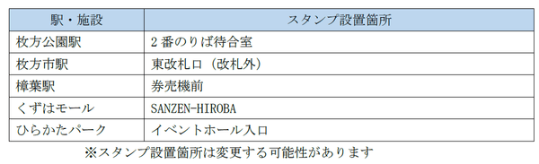 【ラリーポイント】枚方公園、枚方市、樟葉の各駅とくずはモール内SANZEN-HIROBAおよびひらかたパークイベントホール入口の計5カ所
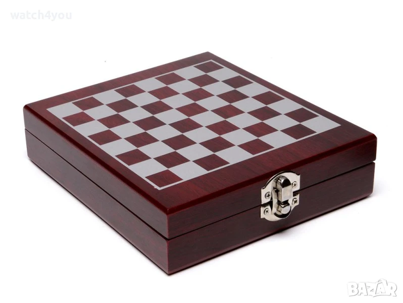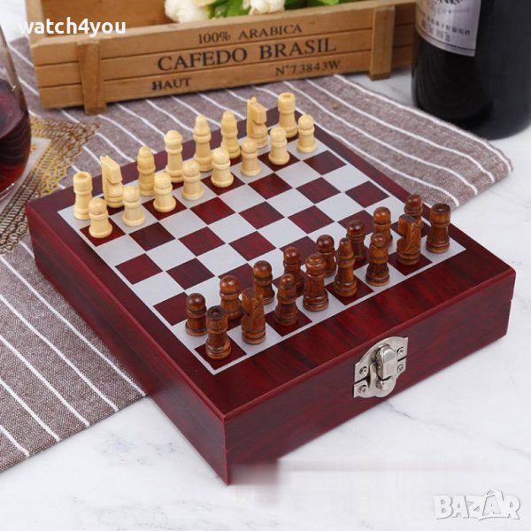 дървен шах с луксозен сет за вино! Идеален за партита и тържества, тъй като е едновременно игра на шах и пълен набор от аксесоари за вино.
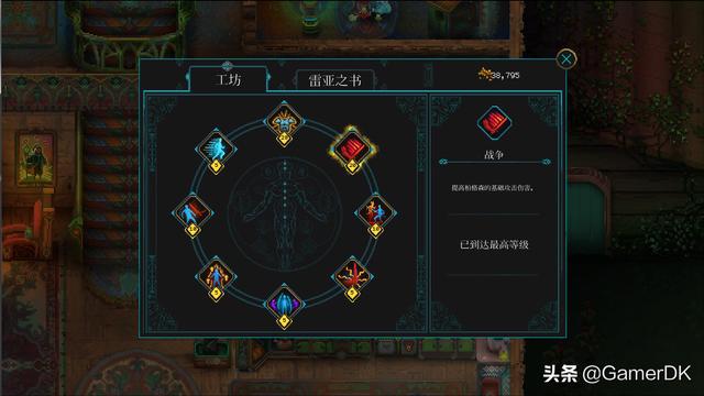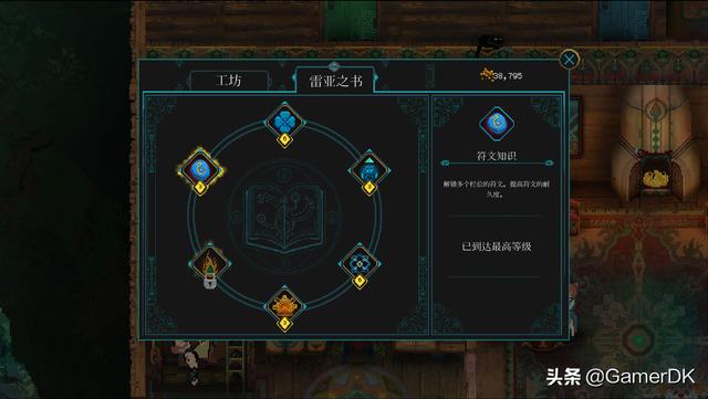 战斗外的养成比较简单,主要包含工坊、雷亚之书和家庭技能。其中工坊和雷亚之书的技能在通关剧情后逐次解锁,消耗战斗中获得的金币可提升等级。工坊主要提供直接的攻击、防御、血量这种属性增益,而雷亚之书主要提供金币掉落加成、新的圣物栏位、多个符文槽位这种功能效果。
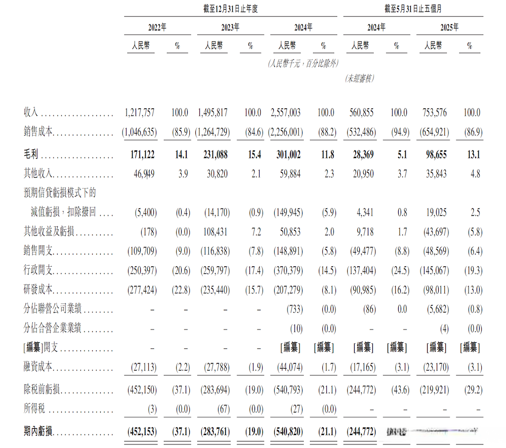 不过,值得注意的是,该公司净亏损呈波动扩大态势,2022-2024年净亏损分别为4.52亿、2.84亿、5.41亿元,三年间亏损了12.77亿元,2025年前5个月净亏损为2.2亿元。公司解释亏损主要因研发投入高、客户付款周期长及毛利率下降。
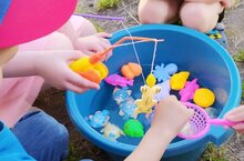 Небо хоть и частенько хмурится, но сквозь просвет пушистых серых облаков пробиваются яркие солнечные лучи, как бы зовя наших ребятишек поиграть. Поэтому наши малыши с пользой, активно и весело проводят на прогулке время. Пока одни задорно играют в мяч, другие забавно ловят морских обитателей, плавающих в ёмкости, с помощью магнитных удочек. Казалось бы, игра незамысловатая, но при этом она отлично развивает сенсорные навыки, способность концентрировать внимание, моторику и координацию движений, а также усидчивость, меткость и упорство. Игра очень увлекательна и захватывает внимание участников игры надолго. Малыши учатся размышлять, куда направить «крючок», чтобы рыбка точно на него попалась. Таким образом развивается логическое мышление. Магнитная рыбалка учит отличать фигурки по форме, весу, цвету и определять количество присутствующих предметов. Данная игра нравится всем нашим детям без исключения - и мальчикам и девочкам, поэтому магнитная рыбалка стала одним из полюбившихся занятий для весёлого времяпровождения на прогулке.

Directions -
Output nothing but the entries above, exactly, once the pictures are removed.

Exercise result -
 【ラリーポイント】枚方公園、枚方市、樟葉の各駅とくずはモール内SANZEN-HIROBAおよびひらかたパークイベントホール入口の計5カ所
 дървен шах с луксозен сет за вино! Идеален за партита и тържества, тъй като е едновременно игра на шах и пълен набор от аксесоари за вино.
 战斗外的养成比较简单,主要包含工坊、雷亚之书和家庭技能。其中工坊和雷亚之书的技能在通关剧情后逐次解锁,消耗战斗中获得的金币可提升等级。工坊主要提供直接的攻击、防御、血量这种属性增益,而雷亚之书主要提供金币掉落加成、新的圣物栏位、多个符文槽位这种功能效果。
 不过,值得注意的是,该公司净亏损呈波动扩大态势,2022-2024年净亏损分别为4.52亿、2.84亿、5.41亿元,三年间亏损了12.77亿元,2025年前5个月净亏损为2.2亿元。公司解释亏损主要因研发投入高、客户付款周期长及毛利率下降。
 Небо хоть и частенько хмурится, но сквозь просвет пушистых серых облаков пробиваются яркие солнечные лучи, как бы зовя наших ребятишек поиграть. Поэтому наши малыши с пользой, активно и весело проводят на прогулке время. Пока одни задорно играют в мяч, другие забавно ловят морских обитателей, плавающих в ёмкости, с помощью магнитных удочек. Казалось бы, игра незамысловатая, но при этом она отлично развивает сенсорные навыки, способность концентрировать внимание, моторику и координацию движений, а также усидчивость, меткость и упорство. Игра очень увлекательна и захватывает внимание участников игры надолго. Малыши учатся размышлять, куда направить «крючок», чтобы рыбка точно на него попалась. Таким образом развивается логическое мышление. Магнитная рыбалка учит отличать фигурки по форме, весу, цвету и определять количество присутствующих предметов. Данная игра нравится всем нашим детям без исключения - и мальчикам и девочкам, поэтому магнитная рыбалка стала одним из полюбившихся занятий для весёлого времяпровождения на прогулке.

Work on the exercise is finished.